On February 1, Bobi Wine, who was placed under house arrest in the days after Ugandans cast their ballots, filed a supreme court challenge calling for “the poll [to be] cancelled and repeated” due to Museveni’s interference with his campaign. Wine is a singer-turned-politician who hoped to ignite a generational, political shift for Uganda and the rest of Africa. Disaffected, young, urban voters were especially drawn to Wine, who encouraged them to believe that their participation in the political process could herald national change.

But Museveni aggressively undermined Wine’s campaign. He ordered the military to kill Wine’s driver, to raid his home, and detained members of his campaign staff.
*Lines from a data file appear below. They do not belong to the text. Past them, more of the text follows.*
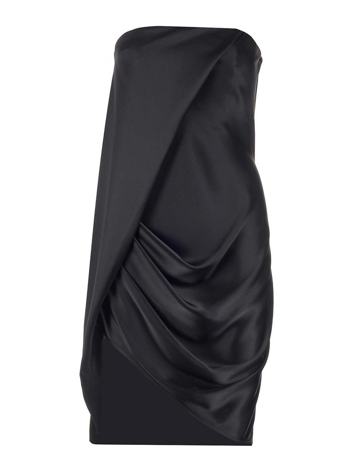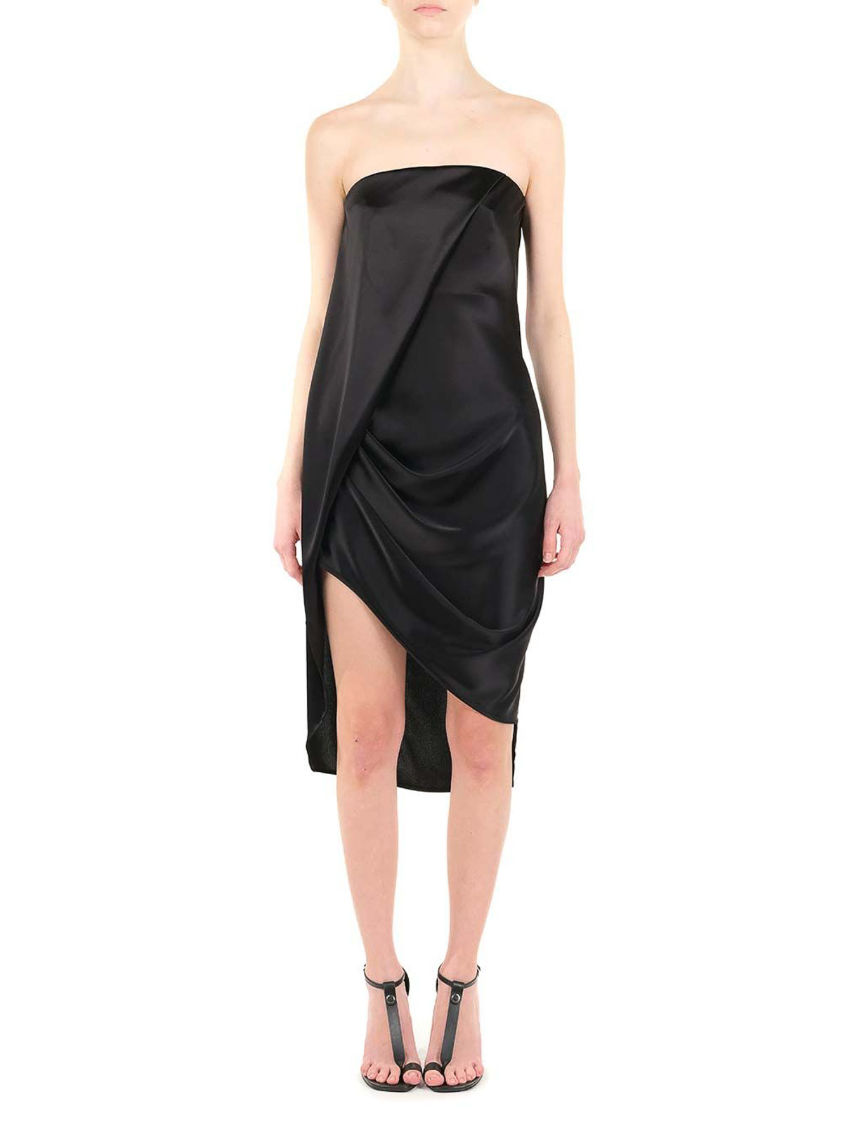 Bustier dress from loewe in black crepe satin with an asymmetric drape and a cut-out cowl back
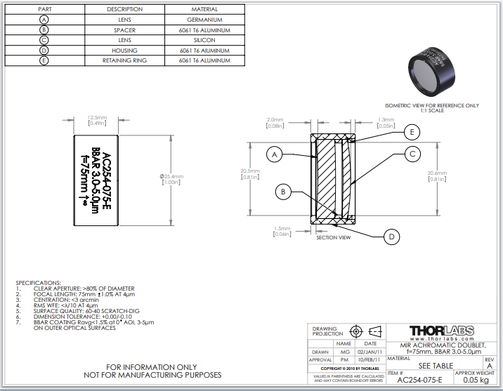 Thorlabs索雷博     AC254-075-E   空气间隔消色差胶合透镜
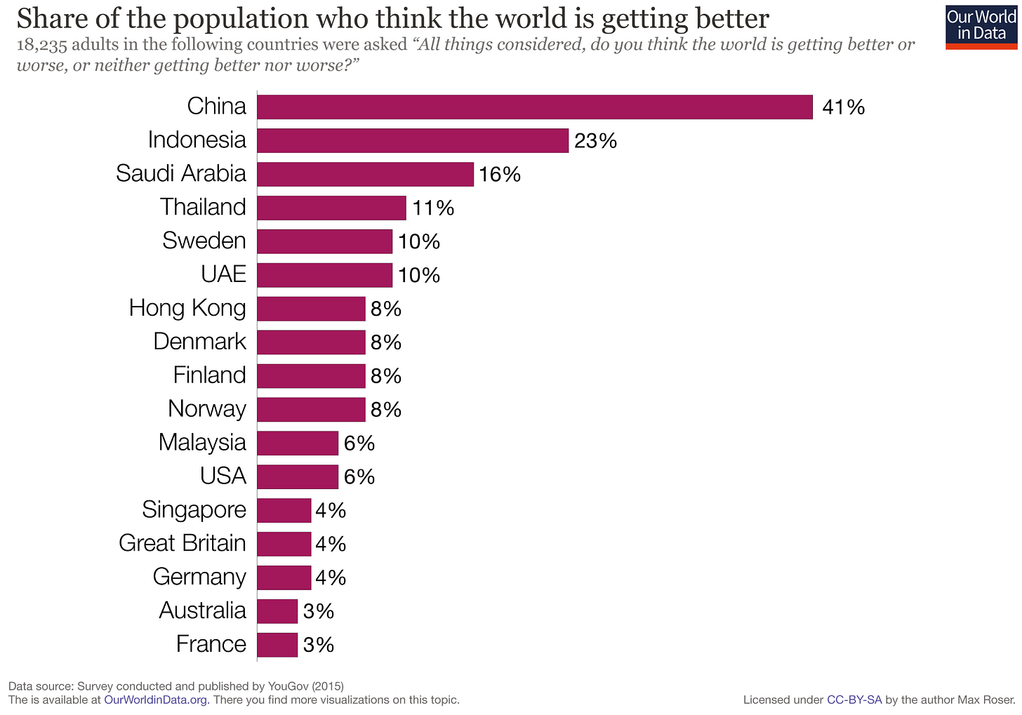 Only a few percent of people in France, Australia, Germany, or Great Britain thought that the world was improving.
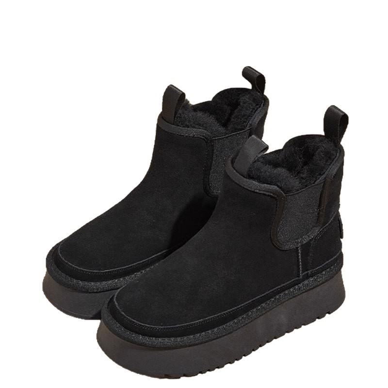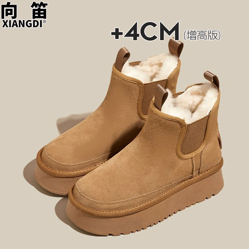 冬季防滑真皮毛一体雪地靴女切尔西短靴厚底加厚绒保暖东北棉鞋子
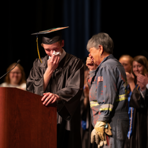 Three thousand people watched in silence as the woman in the dirty orange uniform walked beside her son in the black valedictorian gown.
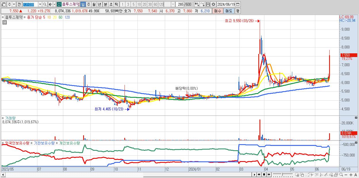 - 옵투스제약 (7,550원 ▲ 19.27% , 시총: 1,220억, 거래량: 8,074,336, 거래대금:589억)
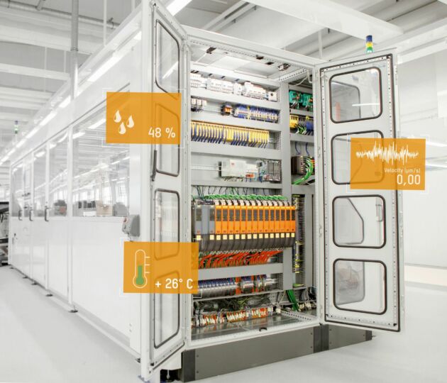 Hohe Temperaturen, Feuchtigkeit oder Vibrationen sind die Feinde elektrischer und elektronischer Komponenten. Steigt zum Beispiel die Temperatur im Schaltschrank wegen unzureichender Kühlung an, werden Fehlfunktionen oder gar Ausfälle immer wahrscheinlicher. Schlimmstenfalls kann dann eine ganze Produktionslinie stillstehen – mit beträchtlichen finanziellen Folgen. Besonders schwer zu beheben sind Fehlerursachen, die nur sporadisch auftreten, zum Beispiel bei kurzzeitigen Temperaturerhöhungen. So ist es möglich, dass nur alle paar Tage um die Mittagszeit die Sonne durch ein Hallenfenster scheint und dabei den Schaltschrank zusätzlich aufheizt. In solchen Fällen kann ein Schaltschrank-Monitoring hilfreich sein, da dem Servicetechniker aussagekräftige Daten zur Verfügung stehen, mit denen er solche Ereignisse aufdecken kann. Eine entsprechende Messbox im Schaltschrank zu installieren, ist jedoch aufwändig. Die Hardware muss angeschafft, verdrahtet und so parametriert werden, dass die Überwachungslösung mit der Steuerungs-Applikation kommunizieren kann. Diesen Aufwand scheuen viele. Es geht jedoch auch einfacher.
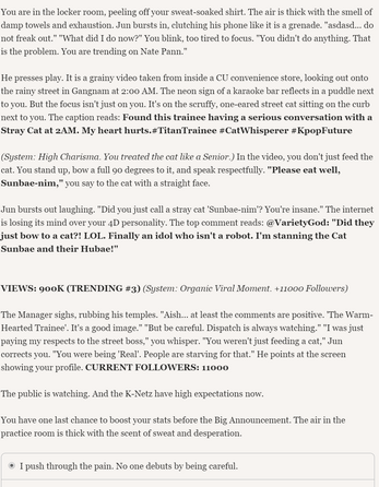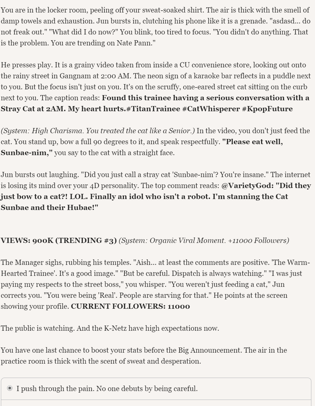 Current Version (Demo): In Chapters 1-2, you will define your backstory, face the judges, and meet your rivals. Will you crush the competition or crumble under the pressure?

Donning a bulletproof vest and ballistics helmet for protection, Wine described the campaign trail as a “war zone.” In November, Wine and many of his supporters were arrested. Some were even executed as Museveni claimed they were “agents of foreign schemes.” 

On the eve of the election, Uganda’s government ordered telecom companies to shut down Facebook, Twitter and Instagram because the president believed these platforms were biased against him. But Facebook had discovered Museveni and his party were using the platform to target the opposing party and its members. A spokesperson representing Wine believes Museveni blocked internet access and raided NUP offices to prevent them from sharing evidence of election fraud.

Bobi Wine’s court challenge is unlikely to succeed, and Museveni is likely to remain in power as his corruption undermines Uganda’s international reputation and economic prospects. Without political freedom, Ugandans will miss out on foreign direct investment which would lead to economic growth. Uganda’s authoritarian regime threatens the country’s stability and its appeal to international investors unless the Museveni regime incorporates liberal democratic principles into its governing structures.